EXERCISE GOAL
Each record that follows should be repeated exactly, with no pictures carried over.

(Recorded data)

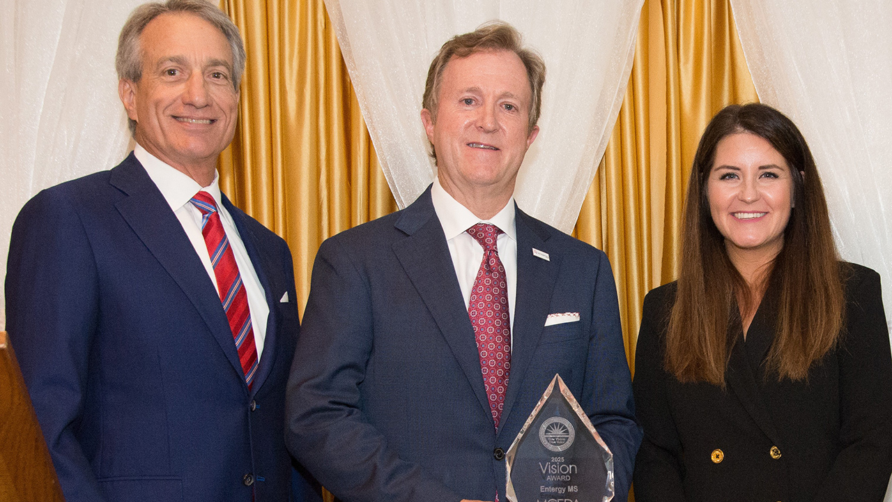 MCEDA Chair Gerard Gibert, SuperTalk Mississippi; Haley Fisackerly, Entergy Mississippi president and CEO; MCBL&F Chair Katie Bryant Snell, BSS Global.
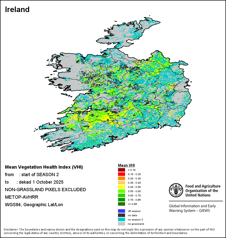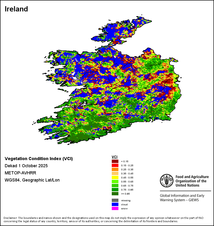 L'indicateur de santé de la végétation (VHI – Vegetation Health Index) illustre la gravité des sécheresses en se fondant sur l'état de la végétation et l'influence des températures sur les conditions des plantes. Le VHI est un indice composite et l'indicateur primaire utilisé pour calculer l’ASI. Les composantes du VHI (VCI et TCI) reçoivent la même pondération dans le calcul de l'indice. Il combine à la fois le VCI et l'Indice des conditions de température (TCI – Temperature Condition Index). Le TCI est calculé à l’aide d’une équation similaire au VCI, mais rapporte les températures actuelles à leur maximum et minimum à long terme, en supposant qu’une élévation des températures tend à provoquer une détérioration des conditions de la végétation. Une diminution du VHI indique, par exemple, un état de la végétation relativement mauvais et une augmentation des températures, ce qui signifie que les conditions de végétation sont soumises à un stress, voire une sécheresse sur une période longue. Les données du VHI sont calculées pour les deux principales campagnes et sous trois formes: décadaires, mensuelles et annuelles.
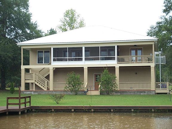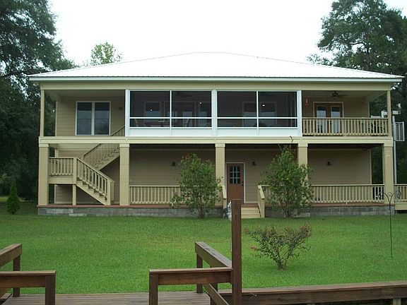 House built in 2015 by Contractor Tony Nall. Built to all the latest flood standards. Beautiful view of the lake & great sunsets from the upstairs screened porch/deck. Lighted tray ceiling in great rm. w/ gas FP. Porcelain tile flooring throughtout. Granite & stainless in kitchen. Electronic office/study. Recessed LED lighting. Room for freezer in large laundry rm. Wheelchair width doors. Fire resistant cement siding & metal roof. Underground utilities. Electronic lift for people & groceries. Huge master w/ oversized walk-in closet. Large storage & garage on the 1st floor. On paved road.
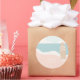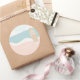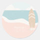 Surfboard Beach round sticker. Part of the Surfboard Beach baby shower collection.
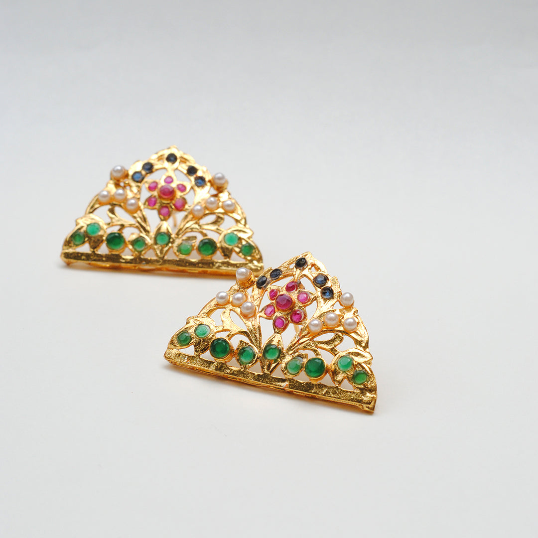 Inspired by the cherished jewels of generations past, our gulzar necklace is a tribute to timeless elegance. Crafted with Nauratan work in 21K gold plating, adorned with pearls and glass stones, this piece exudes sophistication and grace. Each element is carefully chosen to reflect the opulence of traditional craftsmanship, reminiscent of the treasures passed down from my grandmother.

WRITTEN RESPONSE
 MCEDA Chair Gerard Gibert, SuperTalk Mississippi; Haley Fisackerly, Entergy Mississippi president and CEO; MCBL&F Chair Katie Bryant Snell, BSS Global.
 L'indicateur de santé de la végétation (VHI – Vegetation Health Index) illustre la gravité des sécheresses en se fondant sur l'état de la végétation et l'influence des températures sur les conditions des plantes. Le VHI est un indice composite et l'indicateur primaire utilisé pour calculer l’ASI. Les composantes du VHI (VCI et TCI) reçoivent la même pondération dans le calcul de l'indice. Il combine à la fois le VCI et l'Indice des conditions de température (TCI – Temperature Condition Index). Le TCI est calculé à l’aide d’une équation similaire au VCI, mais rapporte les températures actuelles à leur maximum et minimum à long terme, en supposant qu’une élévation des températures tend à provoquer une détérioration des conditions de la végétation. Une diminution du VHI indique, par exemple, un état de la végétation relativement mauvais et une augmentation des températures, ce qui signifie que les conditions de végétation sont soumises à un stress, voire une sécheresse sur une période longue. Les données du VHI sont calculées pour les deux principales campagnes et sous trois formes: décadaires, mensuelles et annuelles.
 House built in 2015 by Contractor Tony Nall. Built to all the latest flood standards. Beautiful view of the lake & great sunsets from the upstairs screened porch/deck. Lighted tray ceiling in great rm. w/ gas FP. Porcelain tile flooring throughtout. Granite & stainless in kitchen. Electronic office/study. Recessed LED lighting. Room for freezer in large laundry rm. Wheelchair width doors. Fire resistant cement siding & metal roof. Underground utilities. Electronic lift for people & groceries. Huge master w/ oversized walk-in closet. Large storage & garage on the 1st floor. On paved road.
 Surfboard Beach round sticker. Part of the Surfboard Beach baby shower collection.
 Inspired by the cherished jewels of generations past, our gulzar necklace is a tribute to timeless elegance. Crafted with Nauratan work in 21K gold plating, adorned with pearls and glass stones, this piece exudes sophistication and grace. Each element is carefully chosen to reflect the opulence of traditional craftsmanship, reminiscent of the treasures passed down from my grandmother.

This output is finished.